Il ne croyait pas si bien dire. J’anticipai ce moment la bouche salivante, comme si j’allais goûter le meilleur met du monde. Je ne l’avais évidemment jamais vu nu. Ni même en maillot de bain, n’ayant pas eu le loisir de le mater au bord de la piscine aux vacances de printemps que j’avais passées chez lui, dans la villa bretonne de ses parents. Je l’avais entraperçu quelques fois au quartier lorsque, par jours de canicule, il avait fait tomber le tee-shirt pour s’adonner au foot sous le cagnard. Mais la distance qui nous avait séparés m’avait privée du bonheur d’en profiter réellement. Il avait été si loin de moi que je n’avais vu sa superbe silhouette de sportif que dans sa globalité. Autant dire que c’est davantage la frustration que le plaisir qui en avait résulté.

Il se décala et se plaça à côté de moi. J’étais entièrement dévêtue tandis qu’il portait encore une chemise et un pantalon de toile, mais je réalisai subitement que ce n’était pas les mêmes que tout à l’heure.

— Tu t’es changé ? m’étonnai-je.

Sans dire un mot, il opina du chef, un rictus coquin au coin des lèvres. C’est vrai qu’il avait quitté la fête assez tôt, après avoir rempli ses obligations d’hôte envers ses convives. Les gens étaient ainsi. Ils venaient fêter le retour de quelqu’un de proche mais après quelques verres, ils en oubliaient l’objet de leur présence et profitaient de la soirée pour décompresser, draguer et plus, si affinité. Et puis Adam avait eu une excellente excuse. Il avait prétexté raccompagner Xavier qui, au fil de la soirée, par dépit amoureux d’avoir été relégué au second plan, après mon plan de séduction foireux, s’était enivré plus que de raison. Je me demandais si les fringues que portait Adam n’étaient pas les siennes. Je lui en fis part. Il confirma mes doutes.

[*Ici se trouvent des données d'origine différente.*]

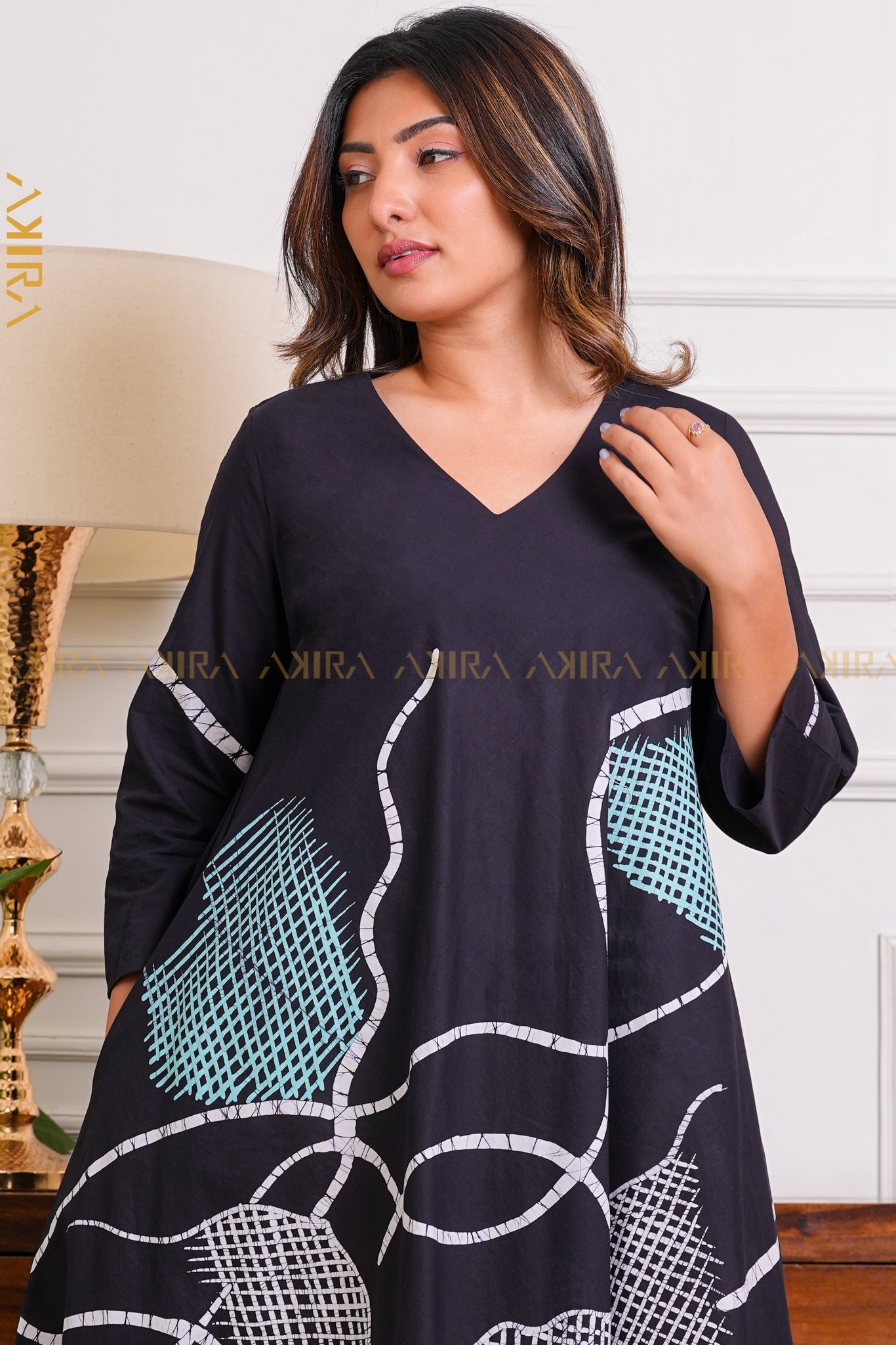 A Elegant Whisper Batik Dress , blending traditional wax-resist patterns with modern elegance for a fresh, timeless look.

— Je n’allais quand même pas t’accueillir transpirant et imbibé de la crasse de tous ceux qui m’ont serré dans leurs bras si fort que leur sueur en est restée imprégnée sur mes sapes.

Je riais, agréablement surprise par cette attention.

— Et toutes les roses décapitées ? renchéris-je pour comprendre son stratagème de séduction.

— Eh bien, tu vas rire, mais c’est Xavier qui m’a aidé à mettre en place cette surprise, sans lui préciser à ce moment-là que je faisais tout ça en vue de te recevoir. Il n’était pas dans la confidence au sujet de ton identité. Bon... maintenant, il sait.

Nous rîmes, ce qui n’était vraiment pas gentil pour son meilleur ami, qui avait malgré lui servi à recoller les morceaux.

— Le pauvre ! Je m’en veux encore plus désormais.

— Ça va aller, t’inquiète. Il digérera. Avec un peu de chance, demain, il ne se souviendra de rien. Il était rond comme une queue de pelle quand je l'ai mis au lit. Je l’ai rarement vu dans cet état ! J’ai mis les points sur les i en le ramenant chez lui. Je lui ai expliqué la méprise, mes espoirs volontairement cachés pour ne pas me porter la poisse et finir désabusé. Il a acquiescé à tout mais je lui en reparlerai plus sérieusement quand il aura décuvé.

— Donc, tu as organisé toute cette mise en scène romantique avant la soirée, en pensant à moi ? Elle m’était vraiment destinée ?

Il parut surpris autant amusé que j’en doutes encore.

— À qui d’autre Anna sinon ?

Son sourire insolent soulignait l’évidence. J’étais la seule dans ses pensées actuellement, peut-être même dans son cœur. J’appréciai cette prévenance qu’il avait eu de se laver avant nos retrouvailles. D’autant que je l’avais fait aussi, une fois que ma mère m’avait autorisée à le rejoindre. La douche la plus rapide de toutes les douches du monde entier. La speedy-gonzales du nettoyage. Un coup de déo, des sous-vêtements propres, j’avais à peine eu le temps de me sécher avant de remettre ma tenue d’amazone des temps modernes. Je n’allais quand même pas m’adonner à un rapprochement lascif avec l’homme de ma vie en n’étant pas impeccable !

Et je l’étais, impeccable. Aujourd’hui, j’avais verni mes ongles de mains et de pieds de noir intense. Je m’étais également infligée une épilation des jambes, des aisselles et du maillot, que j’avais voulu nickel sans pour autant finir totalement dépourvue de toison, de sorte qu’à présent, j’étais en pleine possession de mes moyens. Ainsi, malgré ma nudité, je me sentais à l’aise sous les yeux amoureux de mon beau prince charmant. Comment ne pas l’être alors qu’il me couvait du regard comme si j’étais la chose la plus précieuse au monde à ses yeux ?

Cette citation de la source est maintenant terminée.